Compared to traditional manual extraction, Python scripts can complete tasks with remarkable speed and consistency—especially when dealing with large volumes of PDF files.

Introducing Spire.PDF for Python

Spire.PDF for Python is a powerful and professional library designed for creating, editing, converting, and parsing PDF documents. When it comes to text extraction, it offers several notable benefits:

High-accuracy text extraction: Precisely identifies and extracts text, even from documents with complex layouts and fonts.
Support for multiple PDF types: Handles both native PDFs and scanned PDFs (via built-in OCR).
Flexible API: Provides intuitive and easy-to-use interfaces for developers.
Handles complex layouts: Maintains logical reading order for multi-column documents, tables, and mixed text-image layouts.
Multilingual support: Capable of processing documents containing multiple languages.

Installation Guide

Before getting started, ensure that Spire.PDF for Python is installed. If not, you can install it easily using pip:

pip install Spire.Pdf

Basic Text Extraction: Retrieve Text from a PDF Document

Extract Text from an Entire PDF

A common requirement is extracting all text from a PDF document. Spire.PDF for Python provides a straightforward method to accomplish this.

from spire.pdf import *
from spire.pdf.common import *

def extract_full_text(pdf_path, output_txt_path):
    """
    Extract all text from a PDF document and save it to a TXT file.
    """
    # Create a PdfDocument object
    doc = PdfDocument()

    # Load the PDF file
    doc.LoadFromFile(pdf_path)

    # Store text from all pages
    full_text = ""

    # Iterate through each page in the PDF
    for i in range(doc.Pages.Count):
        page = doc.Pages.get_Item(i)

        # Create a PdfTextExtractor object
        text_extractor = PdfTextExtractor(page)

        # Extract text from the current page
        # PdfTextExtractOptions can configure extraction behavior; default settings are used here
        page_text = text_extractor.ExtractText(PdfTextExtractOptions())
        full_text += page_text + "\n"  # Add a newline to separate page content

    # Save the extracted text to a file
    with open(output_txt_path, "w", encoding="utf-8") as f:
        f.write(full_text)

    # Close the document
    doc.Close()
    print(f"Text successfully extracted from {pdf_path} and saved to {output_txt_path}")

# Example usage
pdf_file = "sample.pdf"  # Replace with your PDF file path
output_file = "sample_full_text.txt"
# Assuming you have a file named sample.pdf
# extract_full_text(pdf_file, output_file)

Extraction result example:

Code Explanation:

PdfDocument() – Instantiates a PDF document object.
doc.LoadFromFile(pdf_path) – Loads the specified PDF file.
doc.Pages.Count – Retrieves the number of pages in the document.
doc.Pages.get_Item(i) – Accesses a specific page by index.
PdfTextExtractor(page) – Creates a text extractor for the current page.
text_extractor.ExtractText(PdfTextExtractOptions()) – Performs the text extraction. PdfTextExtractOptions() allows you to control behaviors such as extracting hidden text or adjusting extraction modes.
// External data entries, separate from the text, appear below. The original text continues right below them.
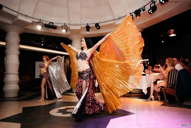 Стоимость банкета: 5300 рублей с человека (банкет+развлекательная программа). Сборный формат - 12, 13, 19, 20, 26, 27 декабря. В программе: профессиональная ведущая, диджей, живая музыка, конкурсы, розыгрыш приза от кафе, символ года - Лошадь, египетское танцевальное шоу, Дед мороз и Снегурочка, танец живота, шоу-балет.
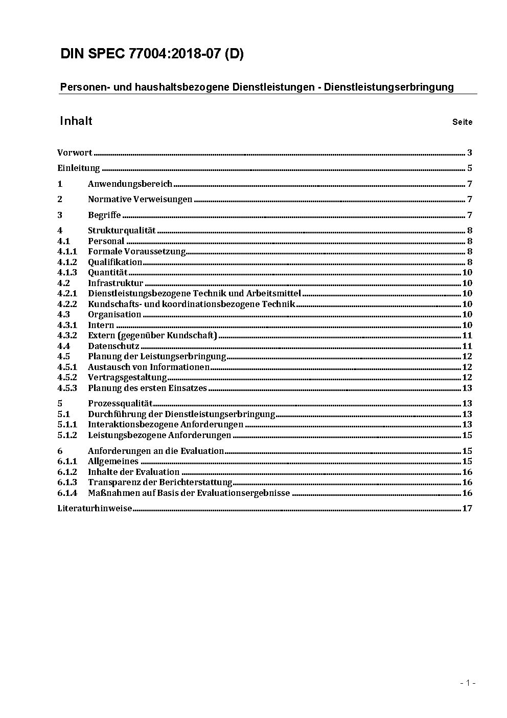 This DIN SPEC in accordance with the PAS procedure was developed within a workshop set up on a temporary basis. The document waas developed and approved by authors named in the business plan. This DIN SPEC will specify the processes and procedures for providing personal and household services. These requirements include those applying to all of the processes, general and specific requirements for providing the services, as well as ethical requirements which the service provider must meet to ensure high quality services. These transparent, generally applicable and standardized procedures - along with the standardized terminology - will make it easier for customers and other service recipients to compare providers and select the right one.
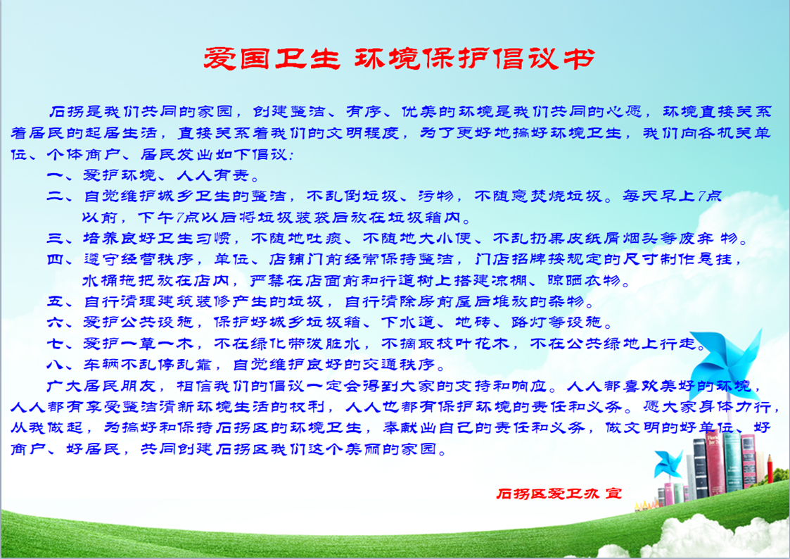 爱国卫生 环境保护倡议书
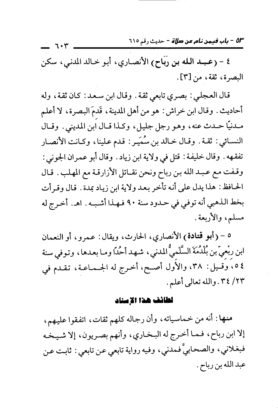 5 - (أبو قتادة) الأنصاري، الحارث، ويقال: عمرو، أو النعمان ابن رِبْعِيّ بن بُلْدُمَةَ السَّلَمِيُّ المدني، شهد أحُدًا وما بعدها، وتوفي سنة 54، وقيل: 38، والأول أصح، أخرج له الجماعة، تقدم في 23/ 34. والله تعالى أعلم.
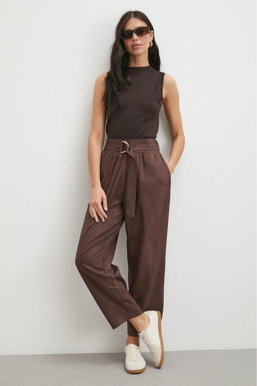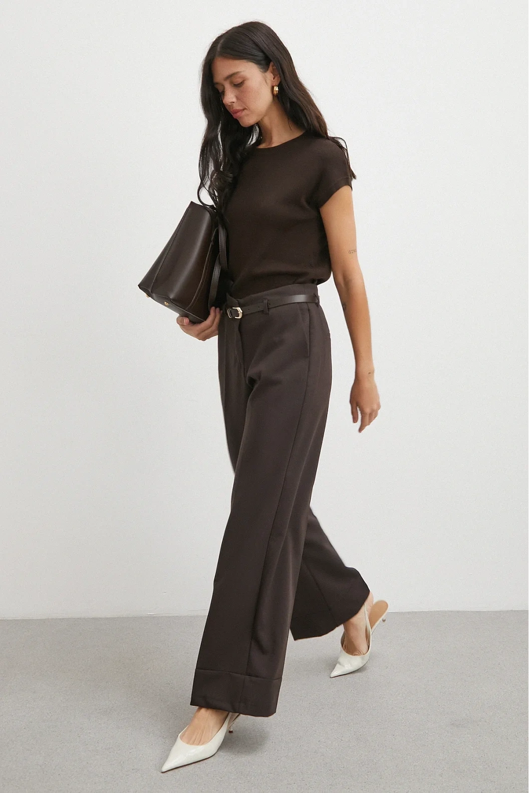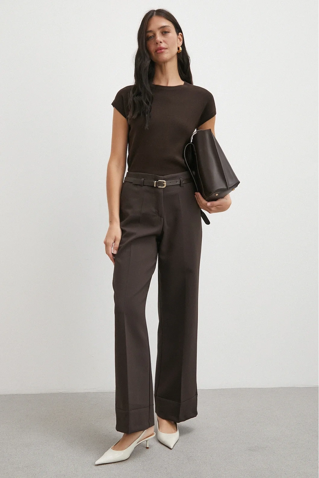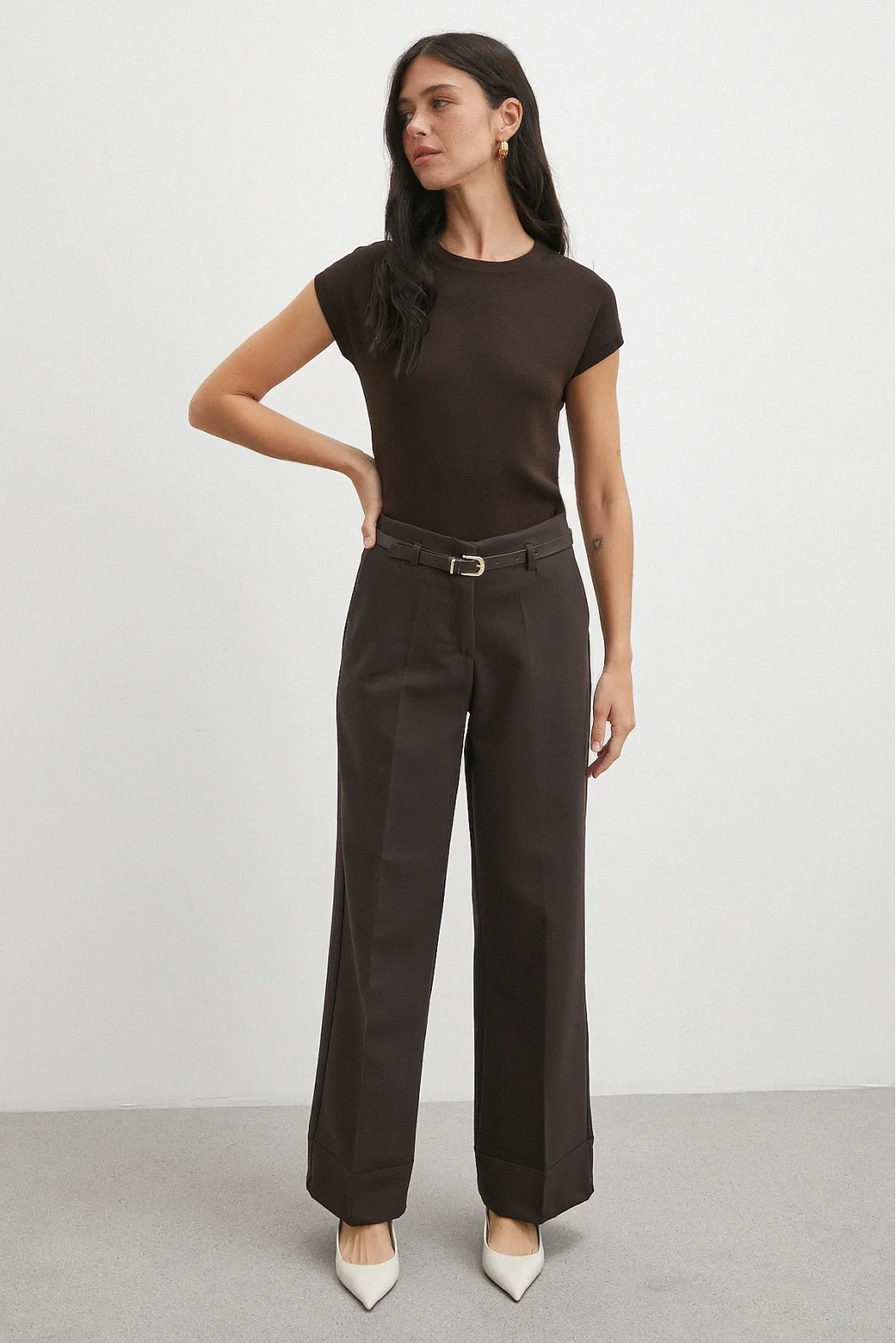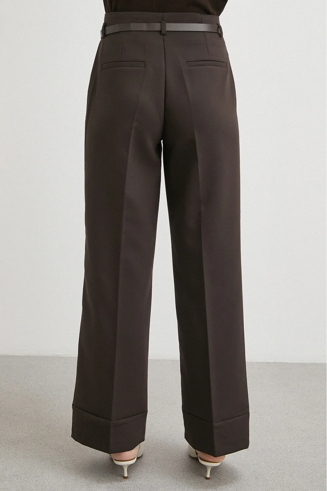 Yüksek Bel Paça Detaylı Kemerli Pantolon Kahve
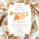 This cute and whimsical watercolor baby shower invitation features a baby clothes line with orange floral arrangements . The text combines handwritten script and sans serif fonts for a stylish and modern look. This is perfect for an autumn fall baby shower.
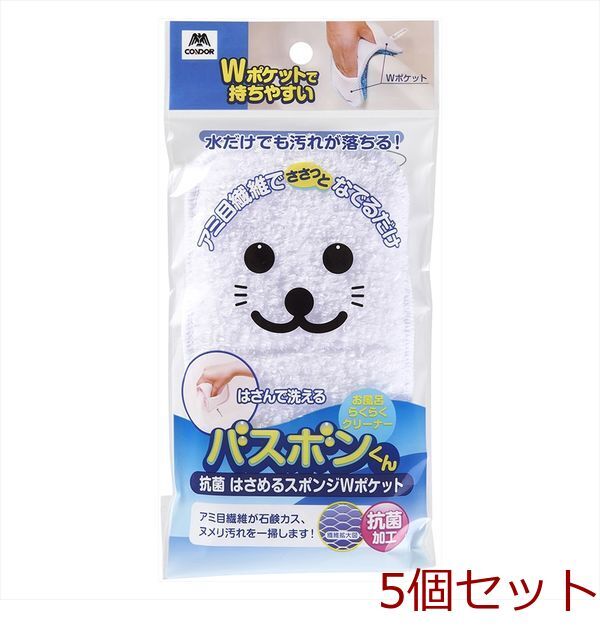- バスボンくん抗菌はさめるスポンジWポケットホワイト 5セット

Extract Text from a Specific Page

Sometimes, you may only need text from a particular page. Spire.PDF for Python fully supports this scenario.

from spire.pdf import *
from spire.pdf.common import *

def extract_page_text(pdf_path, page_number, output_txt_path):
    """
    Extract text from a specified page in a PDF and save it to a TXT file.
    """
    if page_number < 1:
        print("Page number must be greater than or equal to 1.")
        return

    doc = PdfDocument()
    doc.LoadFromFile(pdf_path)

    if page_number > doc.Pages.Count:
        print(f"Page number {page_number} exceeds the total page count {doc.Pages.Count}.")
        doc.Close()
        return

    # PDF page indexing starts at 0, so subtract 1
    page = doc.Pages.get_Item(page_number - 1) 

    text_extractor = PdfTextExtractor(page)
    page_text = text_extractor.ExtractText(PdfTextExtractOptions())

    with open(output_txt_path, "w", encoding="utf-8") as f:
        f.write(page_text)

    doc.Close()
    print(f"Text from page {page_number} was successfully extracted from {pdf_path} and saved to {output_txt_path}")

# Example usage
extract_page_text(pdf_file, 2, "sample_page_2_text.txt")  # Extract text from page 2

Advanced Use Cases: Structured and Region-Based Extraction

Beyond full-document and single-page extraction, Spire.PDF for Python offers finer control—such as extracting text from specific regions—which is especially useful for retrieving structured data from complex documents.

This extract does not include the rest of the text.